Available data:
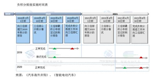 根據(jù)雙積分政策的實(shí)施時(shí)間表,雖然該政策的生效時(shí)間是2018年4月1日,但因?yàn)檎咭髲?019年度開始才設(shè)定新能源汽車的積分比例要求(10%)。而正常情況下,積分考核又是建立在上一年積分核算統(tǒng)計(jì)的基礎(chǔ)上進(jìn)行的,因此,對于2019年的新能源積分考核,實(shí)際要等到2020年的6月30日工信部等五部門聯(lián)合發(fā)布經(jīng)核實(shí)的2019年積分核算情況報(bào)告后才開始。2019年積分核算情況報(bào)告發(fā)布后的60天內(nèi),有負(fù)積分的企業(yè)就需要完成積分的交易了。
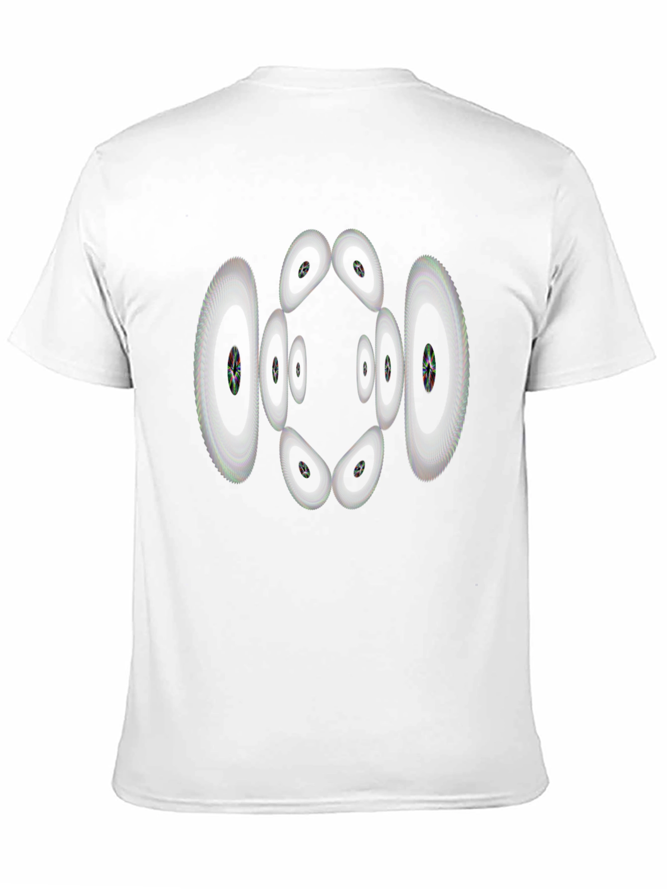 This stylish black t-shirt features an eye-catching, abstract geometric design. The intricate pattern, resembling a series of interconnected, distorted lenses or gears, creates a visually dynamic and modern look. The design is printed on what appears to be a soft, comfortable cotton blend fabric, perfect for everyday wear. The shirt has a classic crew neck and short sleeves, making it a versatile addition to any wardrobe. Ideal for those who appreciate unique and contemporary graphic tees, this shirt is sure to make a statement. Pair it with jeans or shorts for a casual yet fashionable outfit. Enjoy a comfortable fit with standout style!
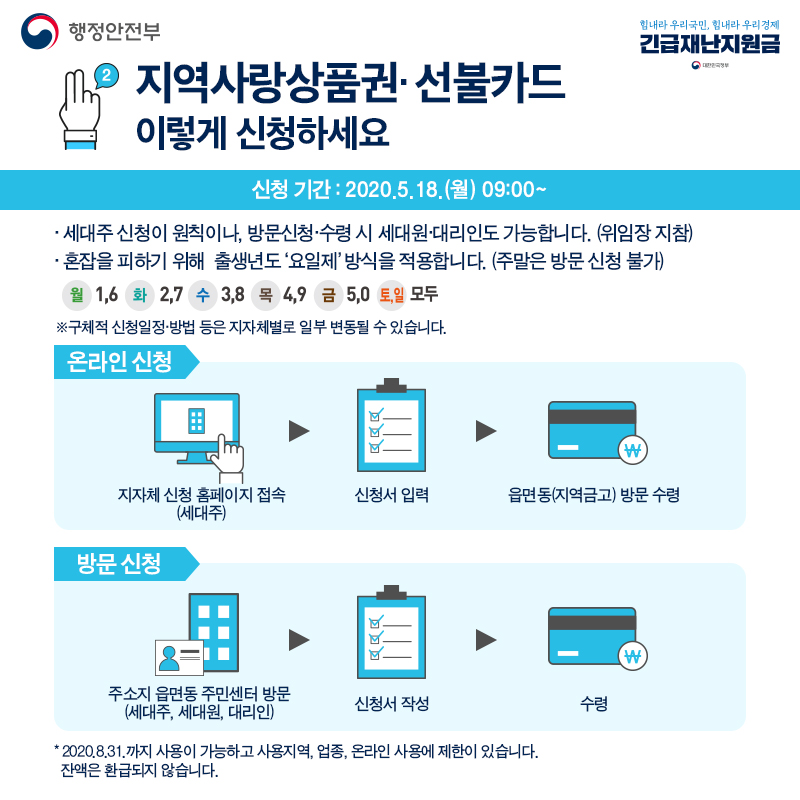 신용카드와 다르게 상품권(지역사랑상품권, 선불카드)는 5월 18일부터입니다.
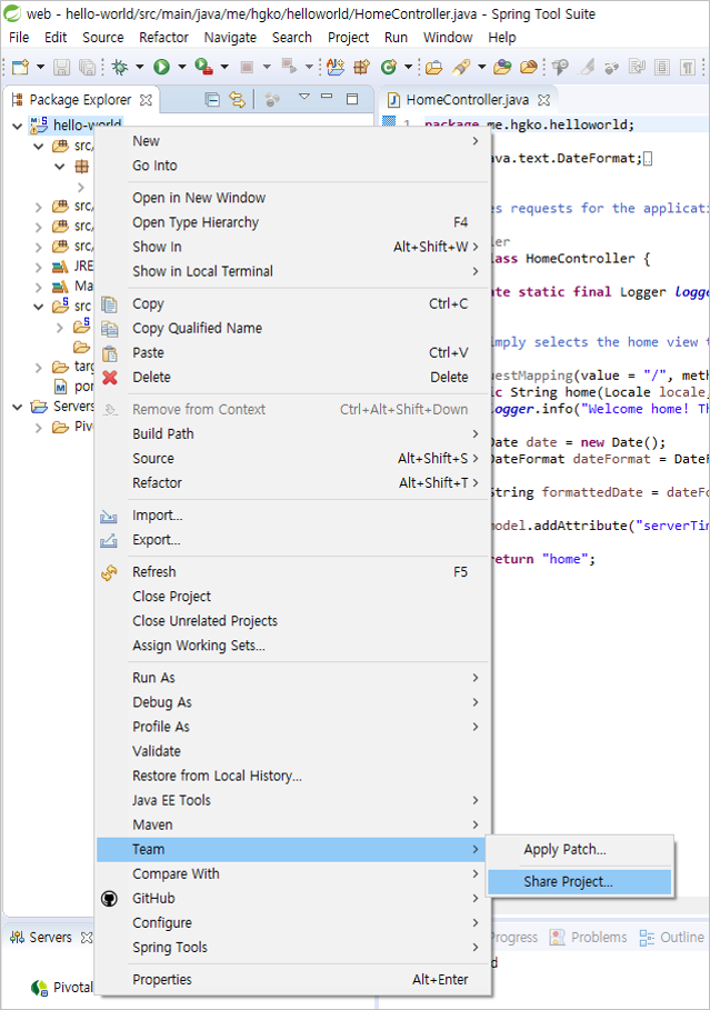 개발하고 있는 프로젝트와 연동하기 위해 작업을 합니다. 프로젝트를 마우스 우클릭 후 그림처럼 [Team] -> [Share Project]를 클릭합니다.
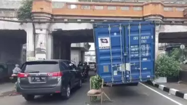 Truk Kontainer Tersangkut Kolong Jembatan Perlintasan Kereta di Matraman, Warga: Sudah Kami Teriaki
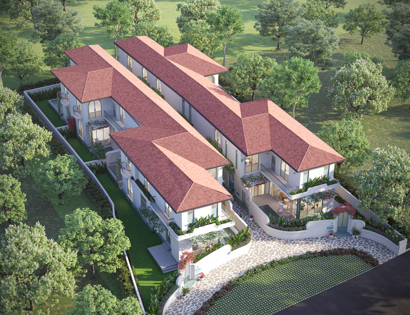 Located near Goa’s northern shoreline, Casa Belo Morjim reimagines the intimacy of Mediterranean coastal towns for a modern audience. The development consists of eight villas in a row-house format, unified by a pedestrian pathway that acts as a communal spine. This central walkway creates opportunities for chance encounters and shared life while giving each villa a private retreat.
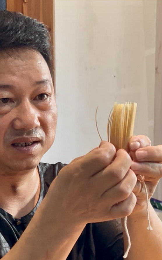 在杭州市余杭區(qū)徑山村,走出茶道空間,不遠處,是“茶筅制作技藝”非遺項目代表性傳承人陳金信工作室?!斑@是茶筅,抹茶中用來融化茶粉的工具,其實起源于我們中國?!痹陉惤鹦诺那墒窒拢话焉㈤_的茶穗,漸成彎曲形狀。
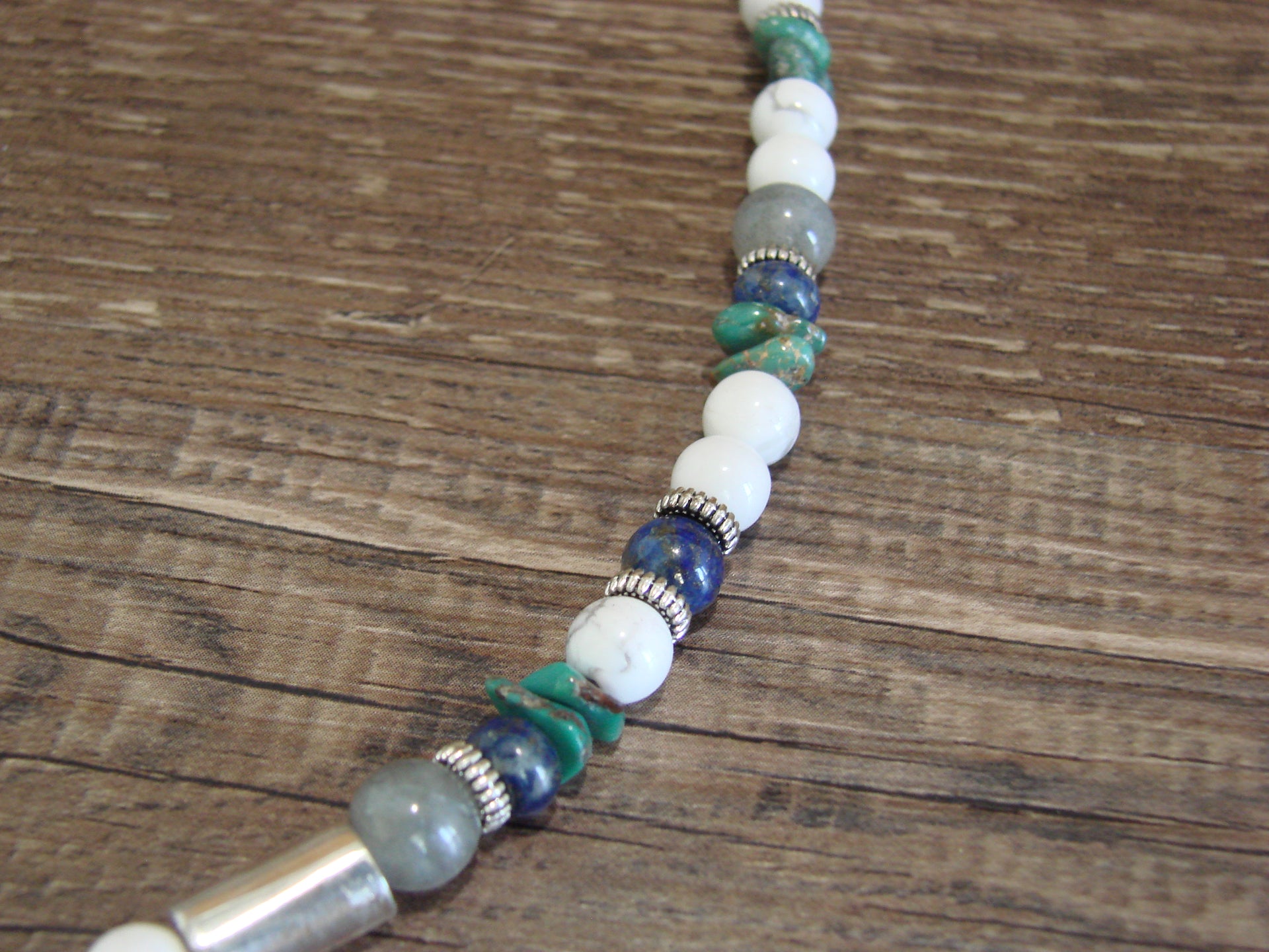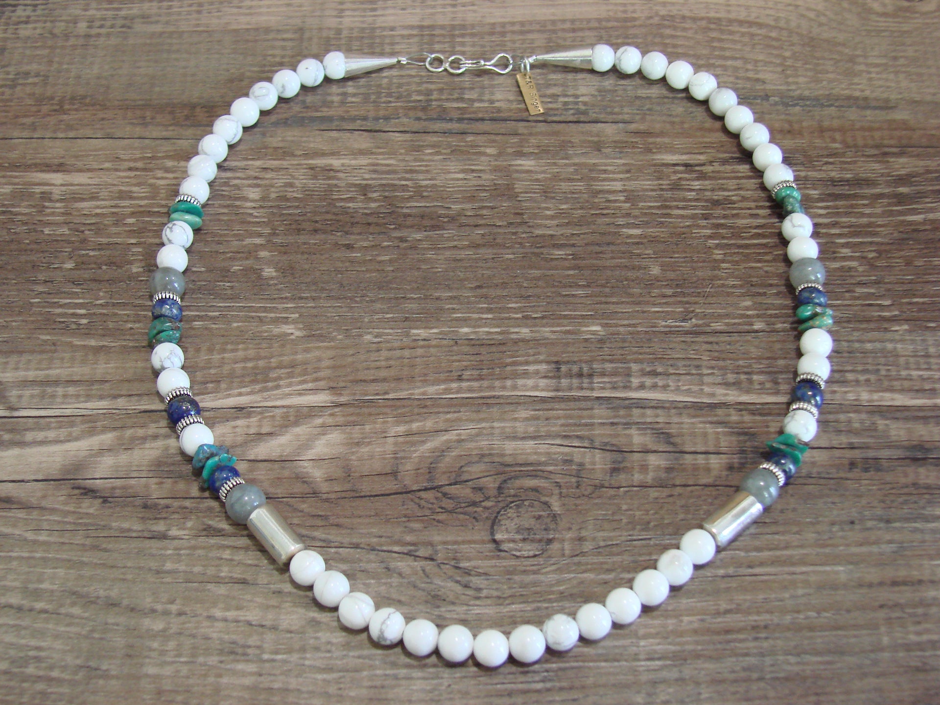 Native American Navajo Indian Howlite Gemstone Beaded Necklace from Western New Mexico. This stunning necklace features beautiful Howlite Beads accented with sterling silver and Multiple Gemstones. Finished with a sterling silver hook and eye closure this is a great necklace. These are high quality stones. This gorgeous piece is a handmade masterpiece! Hand strung by Rosita Singer, wife of the late Tommy Singer. This necklace is signed "T&R Singer". Free shipping in a gift box included!
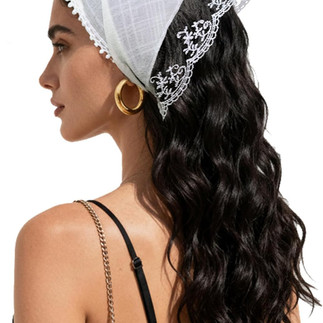This farmer’s market look is soft, feminine coastal perfection — a white lacey blouse paired with a denim mini for that easy, breezy charm. The adorable white lace bandana adds the sweetest touch, while the yellow‑tan high boots bring in that warm, sun‑kissed vibe.
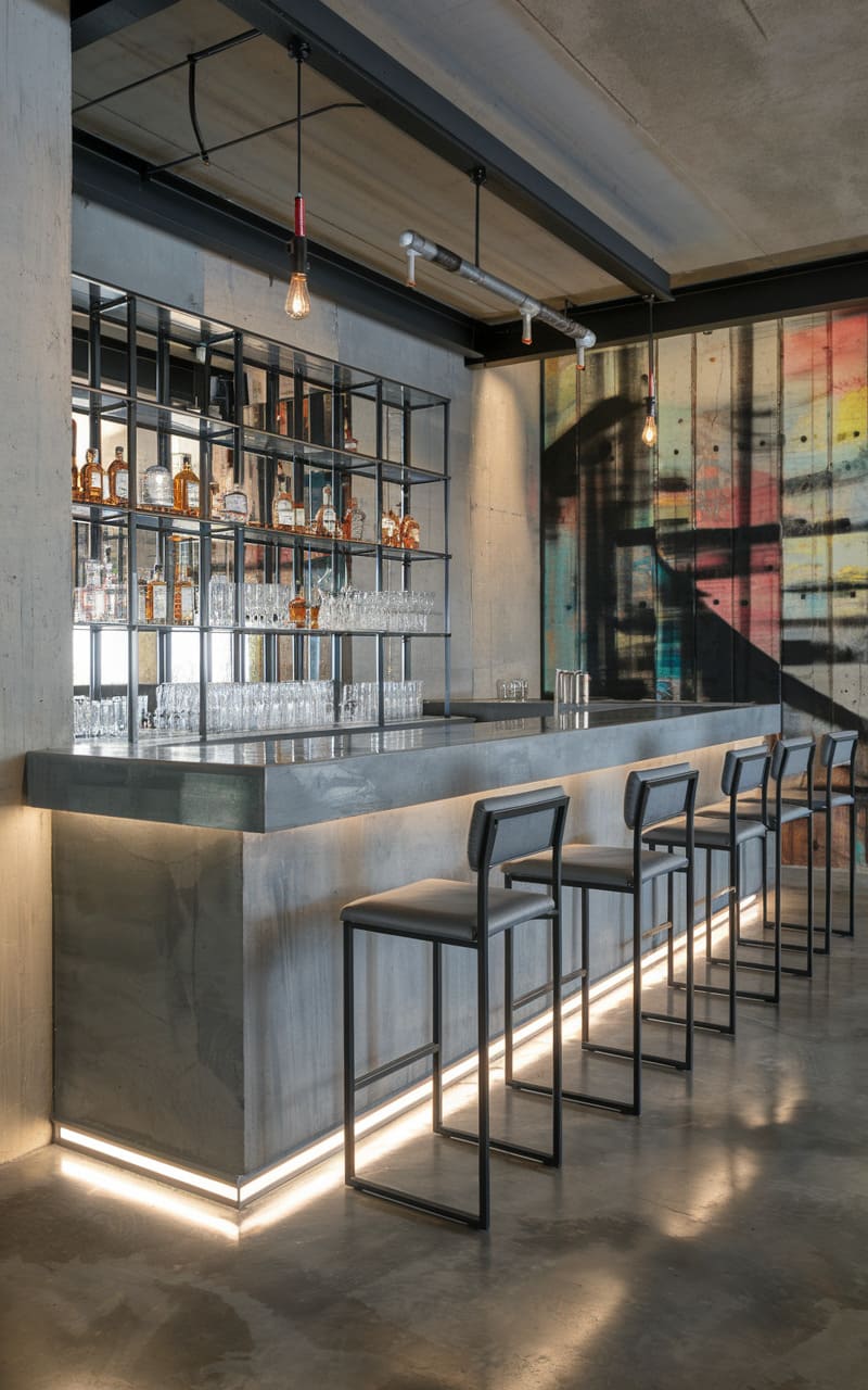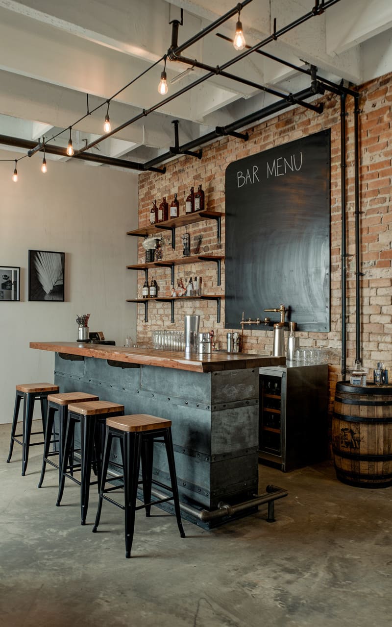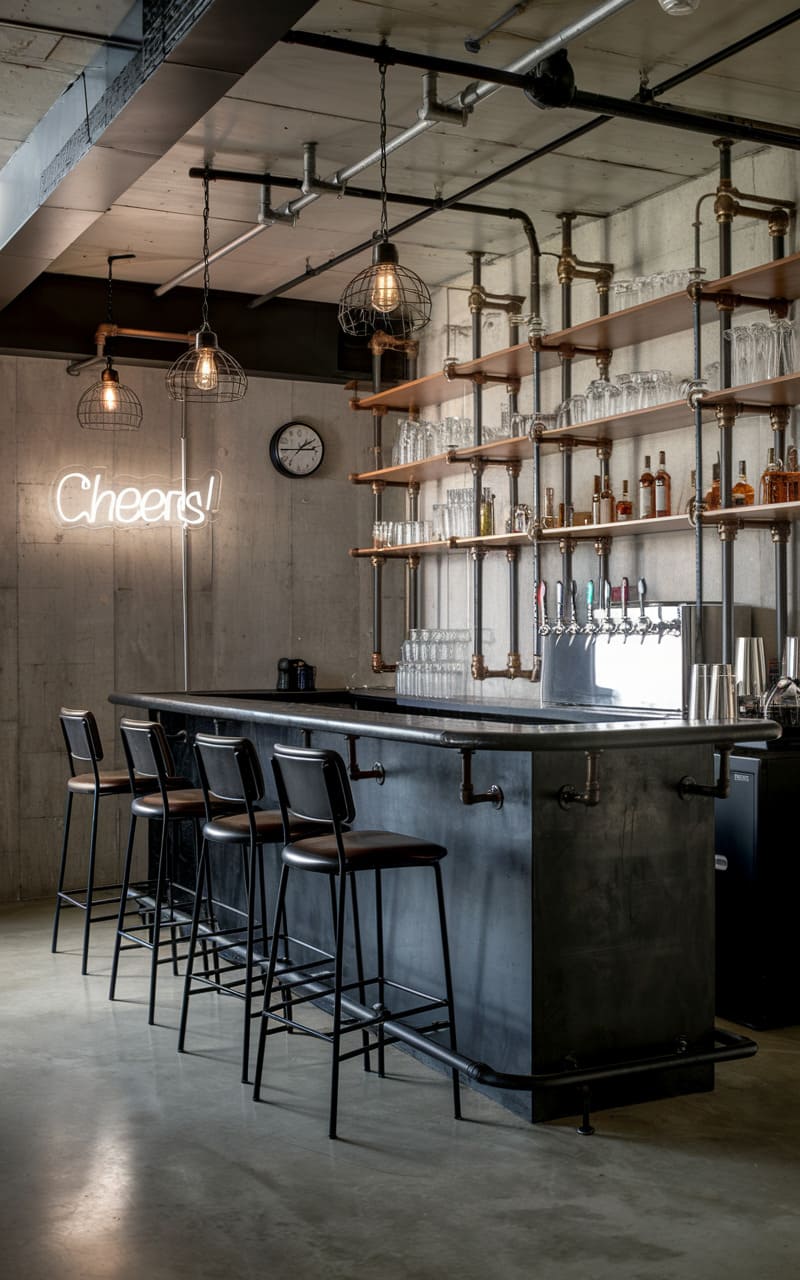 36. Sleek Industrial Basement Bar With Tall Ceiling
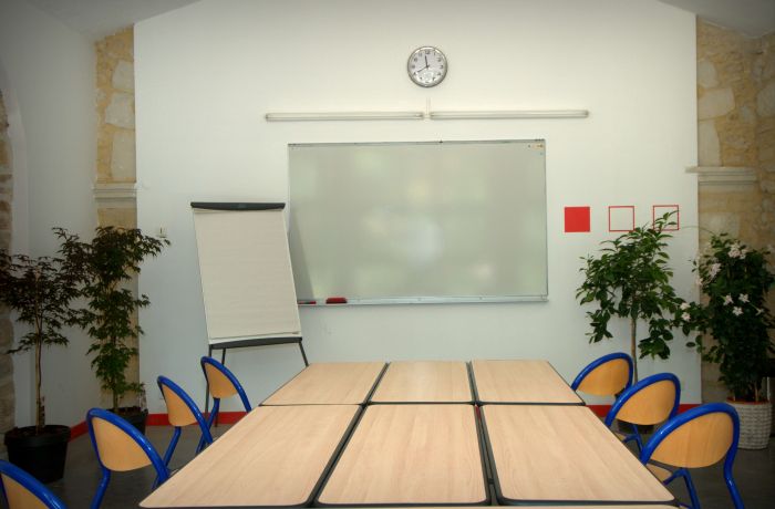 Pour vos événements professionnels ou familiaux, nos 6 salles de réunions peuvent accueillir jusqu'à 200 personnes. Elles sont équipées de tables, chaises, tableau blanc, paperboard, vidéoprojecteur, sono, micro. Sur réservation, nous vous offrons également la possibilité de bénéficier d'un service de restauration sur place. Pour obtenir d'avantage d'informations sur les tarifs de location des salles, fixés à 32€ de l'heure ou inclus dans le prix de la pension complète, n'hésitez pas à nous contacter.
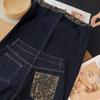Leopard Splicing Jeans Women Spring and Autumn Big Yards High-waisted Loose Skinny Design Sense Straight Towing Trousers Tide Long Denim Pants
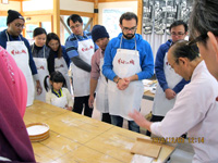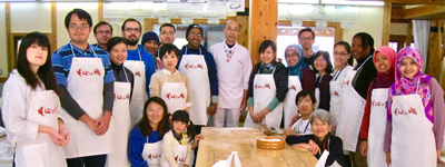 2日目は、午前中に中山道の妻籠宿を訪れました。参加者全員で本陣を見学した後、宿内を自由に散策し、見事に保存された古い宿場の景観に歴史の重みを感じました。その後、下伊那の道の駅信濃路下條に移動して、そば打ち体験を行いました。参加者一同、指導員の手ほどきを受けながら、粉まみれになって信州そばづくりを体験し、日本食への理解を深めました。
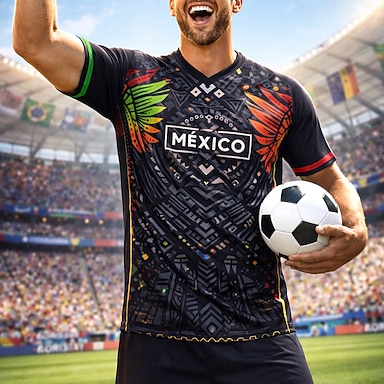 Camiseta masculina de futebol tiki-taka, com estampa da Copa Internacional de Futebol de 2026, ideal para o torneio global de futebol, com foco em táticas de passe e posse de bola. Manga curta.

The task: Give back all of the data exactly, but not the pictures.

Task response:
 根據(jù)雙積分政策的實(shí)施時(shí)間表,雖然該政策的生效時(shí)間是2018年4月1日,但因?yàn)檎咭髲?019年度開始才設(shè)定新能源汽車的積分比例要求(10%)。而正常情況下,積分考核又是建立在上一年積分核算統(tǒng)計(jì)的基礎(chǔ)上進(jìn)行的,因此,對于2019年的新能源積分考核,實(shí)際要等到2020年的6月30日工信部等五部門聯(lián)合發(fā)布經(jīng)核實(shí)的2019年積分核算情況報(bào)告后才開始。2019年積分核算情況報(bào)告發(fā)布后的60天內(nèi),有負(fù)積分的企業(yè)就需要完成積分的交易了。
 This stylish black t-shirt features an eye-catching, abstract geometric design. The intricate pattern, resembling a series of interconnected, distorted lenses or gears, creates a visually dynamic and modern look. The design is printed on what appears to be a soft, comfortable cotton blend fabric, perfect for everyday wear. The shirt has a classic crew neck and short sleeves, making it a versatile addition to any wardrobe. Ideal for those who appreciate unique and contemporary graphic tees, this shirt is sure to make a statement. Pair it with jeans or shorts for a casual yet fashionable outfit. Enjoy a comfortable fit with standout style!
 신용카드와 다르게 상품권(지역사랑상품권, 선불카드)는 5월 18일부터입니다.
 개발하고 있는 프로젝트와 연동하기 위해 작업을 합니다. 프로젝트를 마우스 우클릭 후 그림처럼 [Team] -> [Share Project]를 클릭합니다.
 Truk Kontainer Tersangkut Kolong Jembatan Perlintasan Kereta di Matraman, Warga: Sudah Kami Teriaki
 Located near Goa’s northern shoreline, Casa Belo Morjim reimagines the intimacy of Mediterranean coastal towns for a modern audience. The development consists of eight villas in a row-house format, unified by a pedestrian pathway that acts as a communal spine. This central walkway creates opportunities for chance encounters and shared life while giving each villa a private retreat.
 在杭州市余杭區(qū)徑山村,走出茶道空間,不遠處,是“茶筅制作技藝”非遺項目代表性傳承人陳金信工作室?!斑@是茶筅,抹茶中用來融化茶粉的工具,其實起源于我們中國?!痹陉惤鹦诺那墒窒拢话焉㈤_的茶穗,漸成彎曲形狀。
 Native American Navajo Indian Howlite Gemstone Beaded Necklace from Western New Mexico. This stunning necklace features beautiful Howlite Beads accented with sterling silver and Multiple Gemstones. Finished with a sterling silver hook and eye closure this is a great necklace. These are high quality stones. This gorgeous piece is a handmade masterpiece! Hand strung by Rosita Singer, wife of the late Tommy Singer. This necklace is signed "T&R Singer". Free shipping in a gift box included!
This farmer’s market look is soft, feminine coastal perfection — a white lacey blouse paired with a denim mini for that easy, breezy charm. The adorable white lace bandana adds the sweetest touch, while the yellow‑tan high boots bring in that warm, sun‑kissed vibe.
 36. Sleek Industrial Basement Bar With Tall Ceiling
 Pour vos événements professionnels ou familiaux, nos 6 salles de réunions peuvent accueillir jusqu'à 200 personnes. Elles sont équipées de tables, chaises, tableau blanc, paperboard, vidéoprojecteur, sono, micro. Sur réservation, nous vous offrons également la possibilité de bénéficier d'un service de restauration sur place. Pour obtenir d'avantage d'informations sur les tarifs de location des salles, fixés à 32€ de l'heure ou inclus dans le prix de la pension complète, n'hésitez pas à nous contacter.
Leopard Splicing Jeans Women Spring and Autumn Big Yards High-waisted Loose Skinny Design Sense Straight Towing Trousers Tide Long Denim Pants
 2日目は、午前中に中山道の妻籠宿を訪れました。参加者全員で本陣を見学した後、宿内を自由に散策し、見事に保存された古い宿場の景観に歴史の重みを感じました。その後、下伊那の道の駅信濃路下條に移動して、そば打ち体験を行いました。参加者一同、指導員の手ほどきを受けながら、粉まみれになって信州そばづくりを体験し、日本食への理解を深めました。
 Camiseta masculina de futebol tiki-taka, com estampa da Copa Internacional de Futebol de 2026, ideal para o torneio global de futebol, com foco em táticas de passe e posse de bola. Manga curta.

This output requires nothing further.